Material for the task:
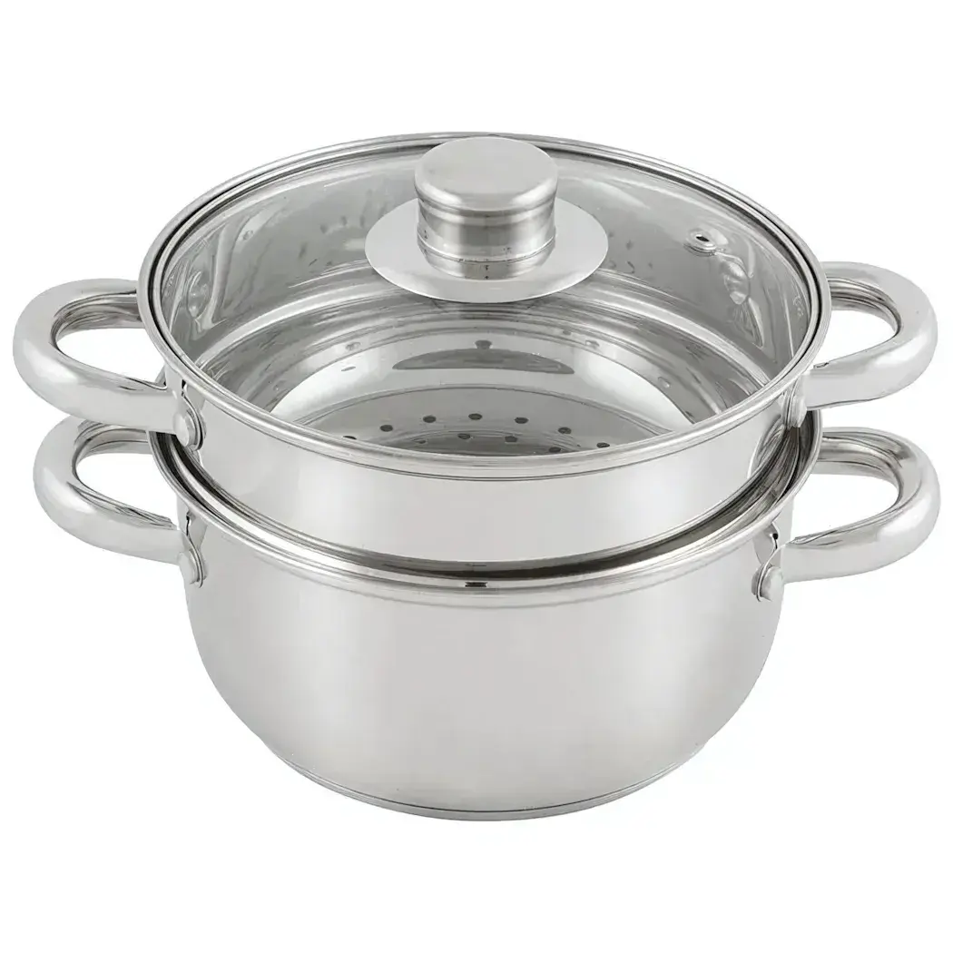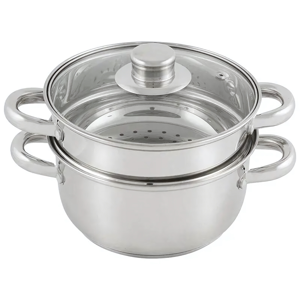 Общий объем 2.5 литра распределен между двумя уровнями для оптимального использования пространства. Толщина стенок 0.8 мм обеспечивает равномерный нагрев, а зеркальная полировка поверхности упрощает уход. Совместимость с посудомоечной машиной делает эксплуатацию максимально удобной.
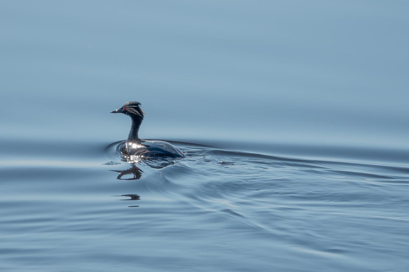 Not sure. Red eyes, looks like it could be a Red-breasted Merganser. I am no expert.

--

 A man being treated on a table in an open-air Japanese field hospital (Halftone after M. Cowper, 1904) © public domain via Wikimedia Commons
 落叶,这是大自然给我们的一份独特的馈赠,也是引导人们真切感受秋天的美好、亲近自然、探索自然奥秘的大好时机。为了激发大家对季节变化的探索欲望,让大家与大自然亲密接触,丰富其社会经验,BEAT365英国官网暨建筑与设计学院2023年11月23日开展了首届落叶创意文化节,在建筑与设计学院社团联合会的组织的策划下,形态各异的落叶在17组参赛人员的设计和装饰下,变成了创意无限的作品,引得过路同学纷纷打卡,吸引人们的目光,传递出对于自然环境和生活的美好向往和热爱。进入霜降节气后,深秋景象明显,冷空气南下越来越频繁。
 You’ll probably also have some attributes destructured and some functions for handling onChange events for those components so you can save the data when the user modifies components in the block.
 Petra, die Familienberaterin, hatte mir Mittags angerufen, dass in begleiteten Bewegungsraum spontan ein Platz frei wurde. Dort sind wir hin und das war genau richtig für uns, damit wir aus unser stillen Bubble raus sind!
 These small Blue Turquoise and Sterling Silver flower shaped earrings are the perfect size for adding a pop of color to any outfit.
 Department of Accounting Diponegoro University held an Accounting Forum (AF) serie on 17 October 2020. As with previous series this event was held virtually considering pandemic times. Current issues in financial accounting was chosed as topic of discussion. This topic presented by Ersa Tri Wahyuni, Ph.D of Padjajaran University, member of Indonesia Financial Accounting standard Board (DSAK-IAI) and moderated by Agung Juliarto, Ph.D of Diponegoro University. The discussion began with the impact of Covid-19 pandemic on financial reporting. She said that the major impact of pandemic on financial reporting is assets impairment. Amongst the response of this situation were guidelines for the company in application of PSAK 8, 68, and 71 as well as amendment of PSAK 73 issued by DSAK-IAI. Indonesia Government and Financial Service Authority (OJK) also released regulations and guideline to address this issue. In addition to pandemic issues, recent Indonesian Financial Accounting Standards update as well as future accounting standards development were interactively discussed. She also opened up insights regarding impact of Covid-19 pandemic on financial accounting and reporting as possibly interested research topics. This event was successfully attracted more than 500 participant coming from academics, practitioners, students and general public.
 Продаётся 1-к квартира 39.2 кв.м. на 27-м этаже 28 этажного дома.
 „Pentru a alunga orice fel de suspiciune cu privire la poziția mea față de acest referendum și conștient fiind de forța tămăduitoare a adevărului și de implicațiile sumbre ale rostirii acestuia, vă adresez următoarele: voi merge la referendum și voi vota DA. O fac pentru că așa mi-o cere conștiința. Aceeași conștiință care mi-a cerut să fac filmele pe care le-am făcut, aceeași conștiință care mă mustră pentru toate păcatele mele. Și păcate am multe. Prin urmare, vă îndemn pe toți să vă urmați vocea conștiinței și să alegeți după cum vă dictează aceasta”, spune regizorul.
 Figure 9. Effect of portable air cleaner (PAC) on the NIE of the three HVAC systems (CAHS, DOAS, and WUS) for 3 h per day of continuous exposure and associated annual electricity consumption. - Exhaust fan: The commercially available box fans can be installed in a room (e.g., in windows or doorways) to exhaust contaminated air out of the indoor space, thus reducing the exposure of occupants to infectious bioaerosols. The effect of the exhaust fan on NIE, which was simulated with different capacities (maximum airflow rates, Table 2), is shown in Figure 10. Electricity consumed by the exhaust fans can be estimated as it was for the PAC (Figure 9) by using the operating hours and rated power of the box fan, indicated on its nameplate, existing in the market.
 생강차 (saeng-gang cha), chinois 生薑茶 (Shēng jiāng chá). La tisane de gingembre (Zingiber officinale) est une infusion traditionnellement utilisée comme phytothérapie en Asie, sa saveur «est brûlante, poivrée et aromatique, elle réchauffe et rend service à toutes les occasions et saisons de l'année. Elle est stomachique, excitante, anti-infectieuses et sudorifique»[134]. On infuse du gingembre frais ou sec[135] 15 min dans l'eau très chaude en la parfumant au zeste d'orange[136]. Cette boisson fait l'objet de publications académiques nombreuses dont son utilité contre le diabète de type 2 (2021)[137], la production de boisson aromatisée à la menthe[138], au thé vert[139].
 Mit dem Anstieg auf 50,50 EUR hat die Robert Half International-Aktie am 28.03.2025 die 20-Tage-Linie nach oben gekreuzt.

Description of the task:
All that is wanted is an exact copy of the lines above from the one with "Department of Accounting" through the one with "Продаётся 1-к квартира", with both ends included.

Answer area:
 Department of Accounting Diponegoro University held an Accounting Forum (AF) serie on 17 October 2020. As with previous series this event was held virtually considering pandemic times. Current issues in financial accounting was chosed as topic of discussion. This topic presented by Ersa Tri Wahyuni, Ph.D of Padjajaran University, member of Indonesia Financial Accounting standard Board (DSAK-IAI) and moderated by Agung Juliarto, Ph.D of Diponegoro University. The discussion began with the impact of Covid-19 pandemic on financial reporting. She said that the major impact of pandemic on financial reporting is assets impairment. Amongst the response of this situation were guidelines for the company in application of PSAK 8, 68, and 71 as well as amendment of PSAK 73 issued by DSAK-IAI. Indonesia Government and Financial Service Authority (OJK) also released regulations and guideline to address this issue. In addition to pandemic issues, recent Indonesian Financial Accounting Standards update as well as future accounting standards development were interactively discussed. She also opened up insights regarding impact of Covid-19 pandemic on financial accounting and reporting as possibly interested research topics. This event was successfully attracted more than 500 participant coming from academics, practitioners, students and general public.
 Продаётся 1-к квартира 39.2 кв.м. на 27-м этаже 28 этажного дома.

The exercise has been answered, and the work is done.